§ Task statement
Print the entries below exactly as they appear, from the first line up to and including the line with "Postkarte Gelaufen in". Do not print any pictures.

§ Information given
....

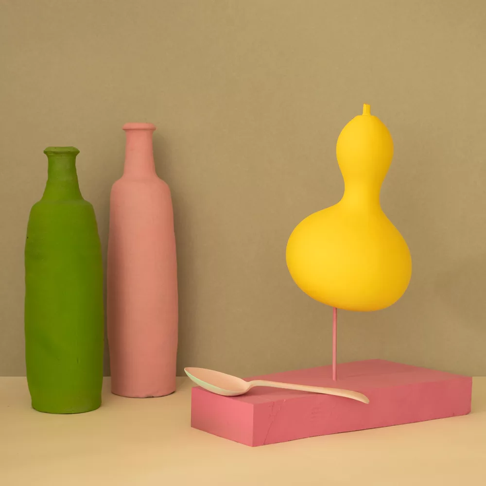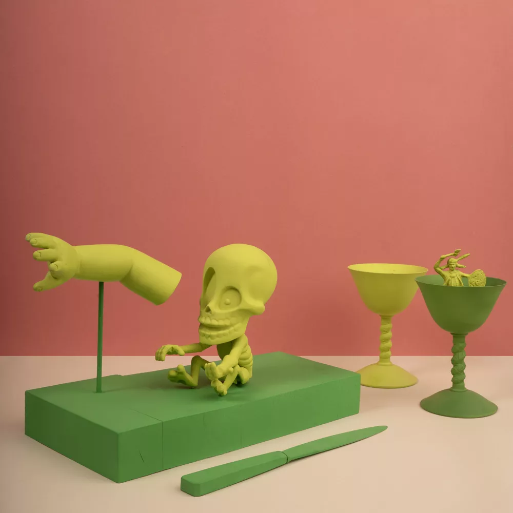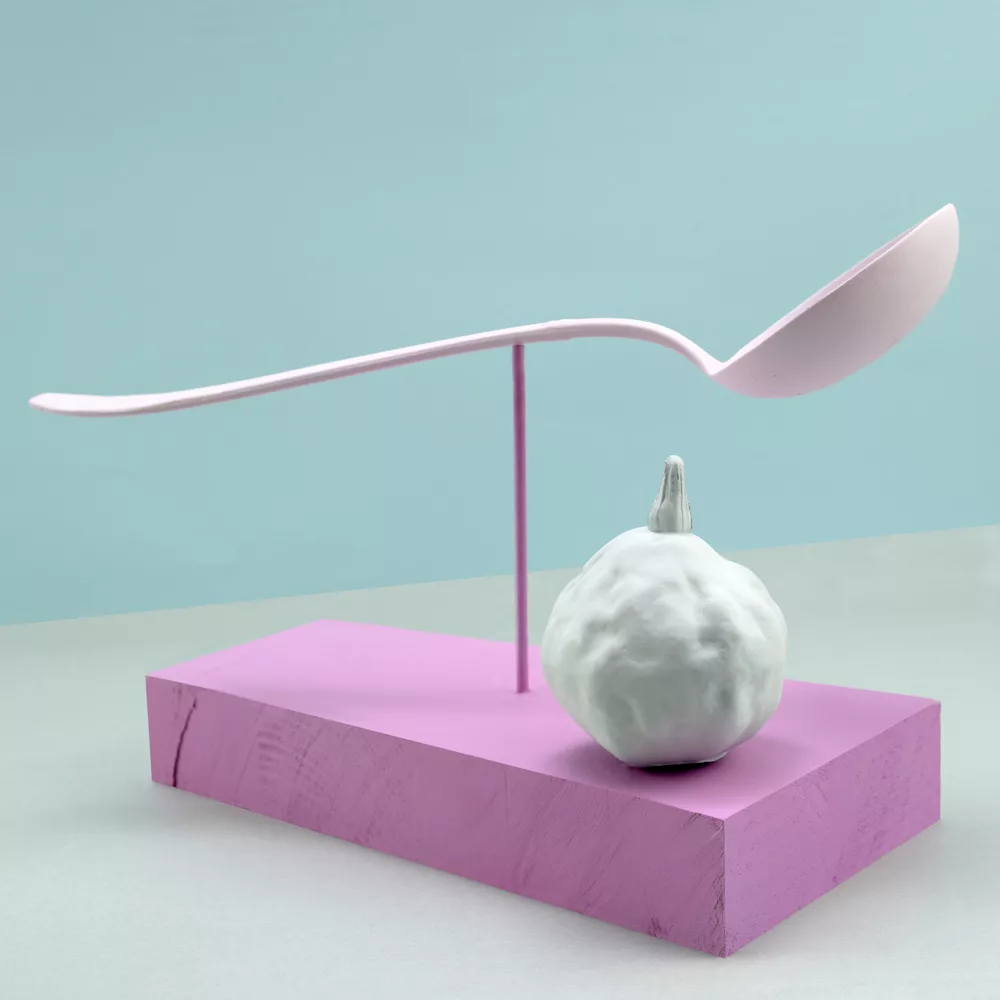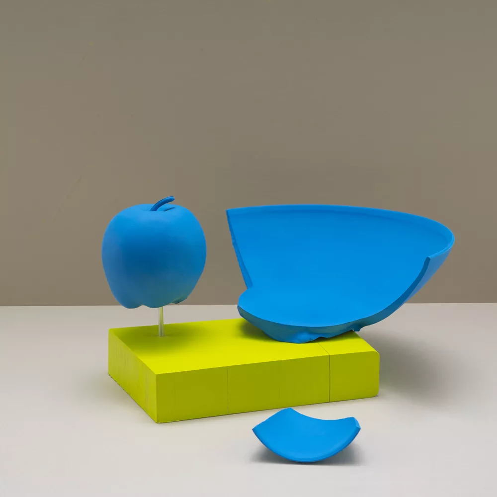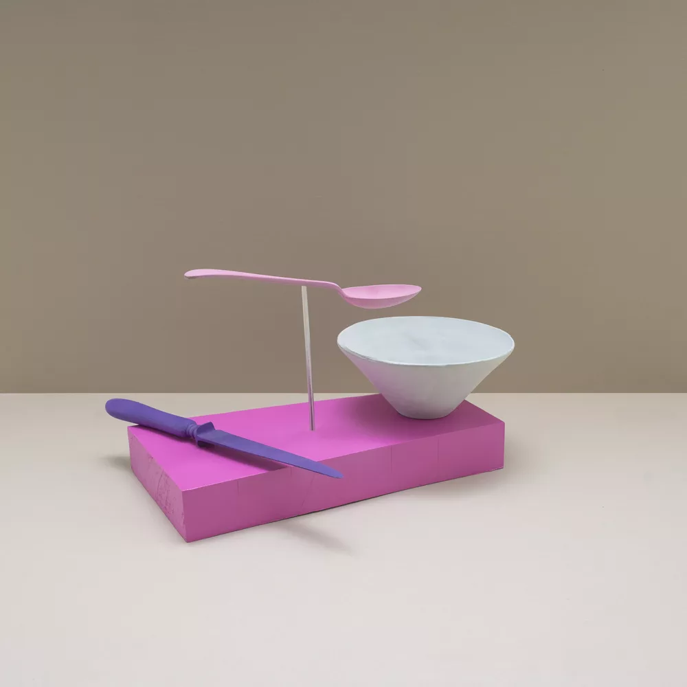 Ici, le travail de la couleur sur ces objets et de la lumière présente permet de les déplacer de leur contexte afin de permettre l’ouverture d’espaces nouveaux. Ces objets, peints puis photographiés, deviennent des jeux d’exercice visuel : une discipline du regard dans un contexte contraint.
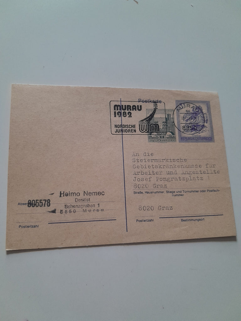 Postkarte Gelaufen in Murau 1985. Gelaufen. Großformat. Zustand: gut.
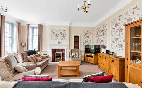 "York Hall Apt", apartamento de 3 estancias 150 m2, en la planta baja. Vivienda adecuada para 6 adultos. Salón con 1 sofá-cama, 1 cama-nido y chimenea. 1 dorm. con 1 cama de matrimonio. 1 dorm. con 2 camas. Cocina (horno, tostadora, hervidor de agua eléctrico, microondas, congelador). 2 ducha/WC. Terraza 10 m2. Barbacoa. Vista al jardín. El alojamiento dispone de: sauna, plancha, secador de pelo. Internet (Wifi, gratis). Plaza de aparcamiento (2 Coches). A tener en cuenta: apartamento para no fumadores.
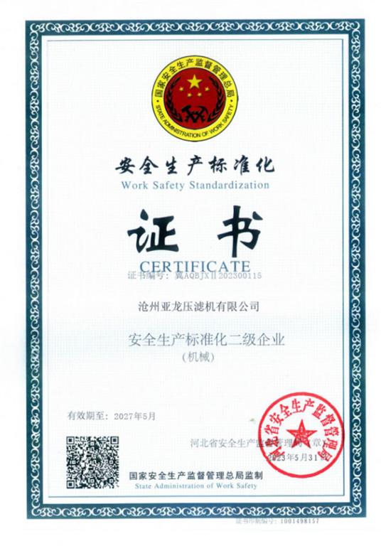 安全生產(chǎn)標(biāo)準(zhǔn)化證書(shū)-滄州亞龍壓濾機(jī)有限公司
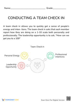 Improve team dynamics with this Conducting a Team Check-In worksheet! Facilitate better communication and understanding within your team. Download today!

....

§ Solution
 Ici, le travail de la couleur sur ces objets et de la lumière présente permet de les déplacer de leur contexte afin de permettre l’ouverture d’espaces nouveaux. Ces objets, peints puis photographiés, deviennent des jeux d’exercice visuel : une discipline du regard dans un contexte contraint.
 Postkarte Gelaufen in Murau 1985. Gelaufen. Großformat. Zustand: gut.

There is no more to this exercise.